Lo que hay que recalcar es que el free-rider no es más que un caso particular de la figura del comportamiento racional del ser humano que, en pleno uso de su función empresarial, tiende a reducir costes y a maximizar beneficios, siempre subjetivamente considerados. Apoyándose en la existencia de free-riders, los defensores de las agencias tributarias argumentan que existe una solución a través de la contribución obligatoria a los gastos de la fiesta. Se dice que, así, cada uno aceptará el tributo siempre que todos los demás también lo soporten. Pero, ¿se acabó el problema del gorrón?
No, sin duda. Seguimos teniendo una propensión natural a desear beneficios con los menores costes posibles. En el nuevo estado de cosas en que todos contribuyen, tendemos a conservar nuestra innata alma de free-riders, pero con consecuencias aún más negativas para la mayoría. Ahora los free-riders son aquellos que creen o que saben objetivamente que hay otros individuos que aportan más que ellos recibiendo su misma porción de fiesta. Tales gorrones desean que las cosas sigan igual. Los que, por el contrario, piensan o saben que contribuyen más quieren cambiar las cosas habida cuenta, y esto es muy importante, de que no pueden escaparse de contribuir a causa de la coacción que sufren y de la legitimación ideológica que difunde la bondad absoluta de los impuestos. La simple existencia de la coacción para que todos contribuyan desencadena un sinfín de efectos aún más perversos que los de la fiesta pagada por pocos y disfrutada por muchos. Por ello, la confiscación impositiva, lejos de arreglar el problema de los free-riders, lo agrava. Y esto se produce sea cual sea el ámbito territorial que abarque la sociedad de festejos con capacidad confiscatoria.
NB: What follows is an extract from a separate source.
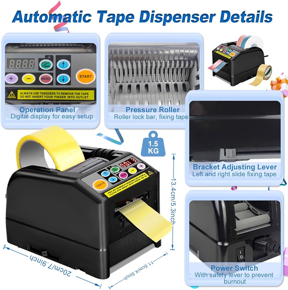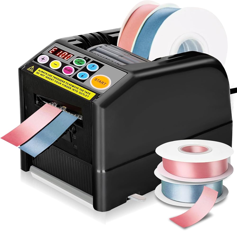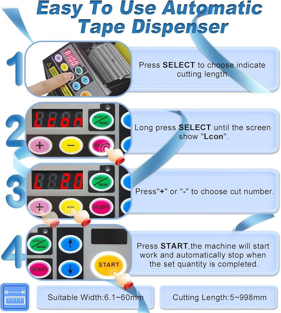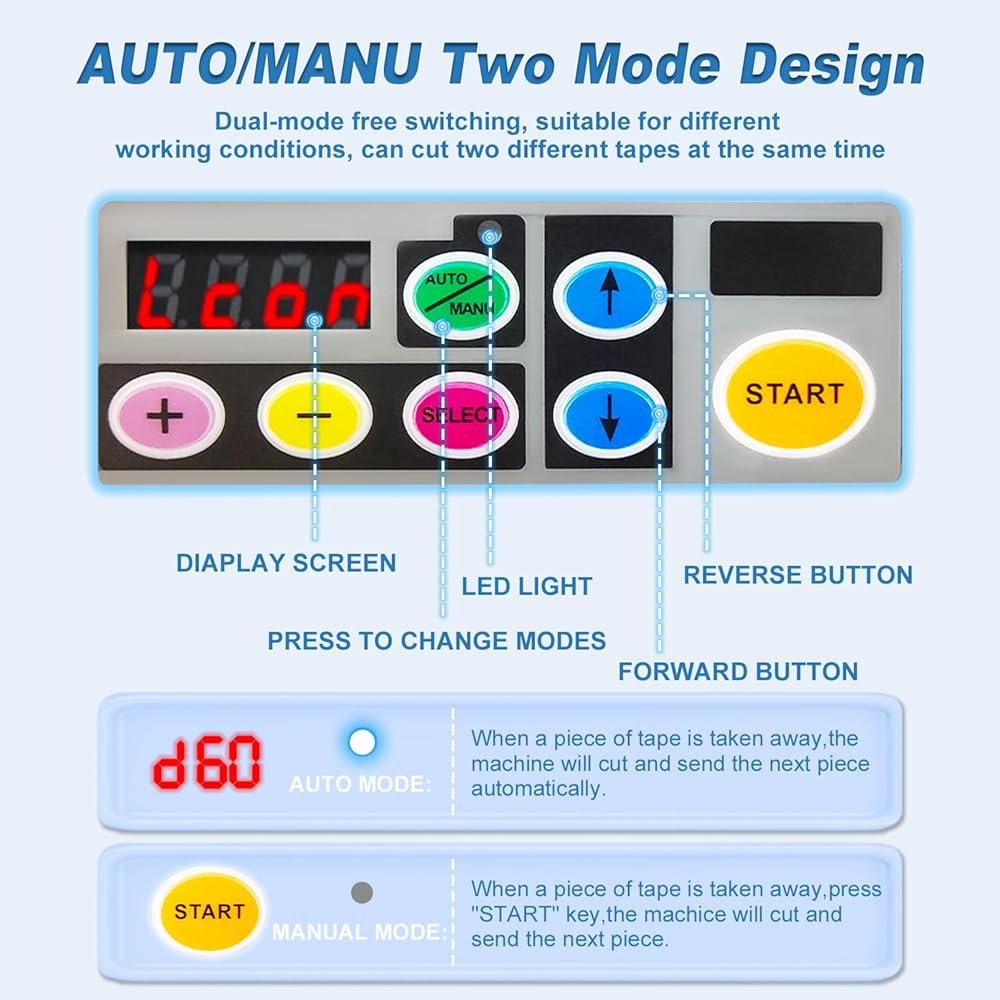 【Wide Range Of Applications】Upgraded the automatic tape dispenser from plastic material to weak sticky silicone material to minimize tape adhesive residue and improve cutting performance.upgrade ribbon cutting machine is suitable for most tapes, such as ribbon, high temperature tape, transparent tape, double-sided tape, fiber tape, electrical tape, strong tape etc.The automatic tape machine is suitable for cutting tapes with a thickness limited to 0.5mm and a width limited to 6-60mm.【Intelligent Cutting】Automatic tape dispenser smart sensor cutting, cutting more precise, the cut is smoother. The automatic tape dispenser can set 6 different cutting lengths and quantities, and preset cutting times. The ribbon cutter has a memory function and does not need to be set again even if it is restarted. The automatic tape cutting machine can preset the maximum cutting length to 999mm. If two rolls of tape are cut at the same time, the sum of the width of the tape must be equal to or within 60mm.【Convenient Automatic/Manual Mode】The automatic tape dispenser cutting machine can switch automatic and manual modes to meet different needs.In automatic mode,make sure that the led lamp is flashing,Press the start button once, ribbon cutting machine will feed-in a piece of tape then cut it out based on your set length;in manual mode,make sure that blue led lamp is off,To cut another piece, press start button again.If you need to cut ribbons, please use the "Lcon" mode,you can check the manual page 10 for details.【Easy To Operate】Automatic tape dispenser cutting machine with built-in smart sensor,just load one or two rolls of suitable tape in the Ribbon Cutting machine, select the set length and mode,press the start button to complete the cutting.using this tape dispenser will save you a lot of time and increase efficiency in your packaging tasks.the automatic tape dispenser is suitable for different places: holiday decoration,warehouse,office, retail store, florist,cake shop etc.【Warm Tips】Please read the instructions carefully before using the automatic tape dispenser cutting machine. If the automatic tape dispenser does not work properly, The buzzer will has a sound then a message will flash and show on the display,You can view the manual to solve the fault according to the fault code on the display.After clearing the obstacle, you need to press the start button again to continue working.

La tendencia humana a que la diferencia entre costes sufridos y beneficios percibidos sea lo mayor posible, lleva el espíritu del gorrón adonde sólo puede darse, ante situaciones en que no se quiere (o no se puede) excluir su presencia por razones de bien público bendecido ideológicamente (la educación, la cultura, la limpieza urbana, el medio ambiente, etc.). Lo que se propicia con la «solución tributaria» es que haya una imparable presión sobre el gasto público (que la fiesta sea mayor y mejor) y una no menos inexorable carrera de los grupos organizados por hacer recaer sobre la mayoría de los individuos la mayoría de los costes. Con todo ello, se exigirán más y más gastos para la fiesta del barrio sin que cada individuo admita su responsabilidad en sufragar su parte.
Eso es lo que ocurre en los estados modernos, grandes y pequeños: cada ciudadano exige gastos elevados y mínimos impuestos para sí mismo, sin querer percibir la necesidad de corresponder unos con los otros. Consecuentemente, los políticos buscan modos de satisfacer esas demandas, bien camuflando impuestos hasta donde se pueda, bien endeudándose, inflando el crédito, atendiendo a determinados grupos de presión, alentando la gorronería de determinados sectores, o mediante una combinación variable de todo ello.
Atajar esta vía perversa de solución del problema del free-rider exige una definición estricta de los derechos de propiedad de manera generalizada. Y esto sólo puede lograrse desacreditando intensamente la ideología de «lo público» y constriñendo lo más posible la existencia de esos bienes públicos. Se precisa, pues, difundir la idea de que los beneficios de los servicios han de ser para quienes los pagan voluntariamente aunque antes hubiera que, de manera transitoria, establecer que sólo recibieran beneficios quienes los hayan de pagar obligatoriamente.
En términos generales se hace imprescindible intensificar la vía de ataque a los servicios públicos en la línea de internalizar los beneficios, de privatizarlos y desregularlos. Cualquier otra propuesta de fraccionamiento formal de los poderes públicos es estéril.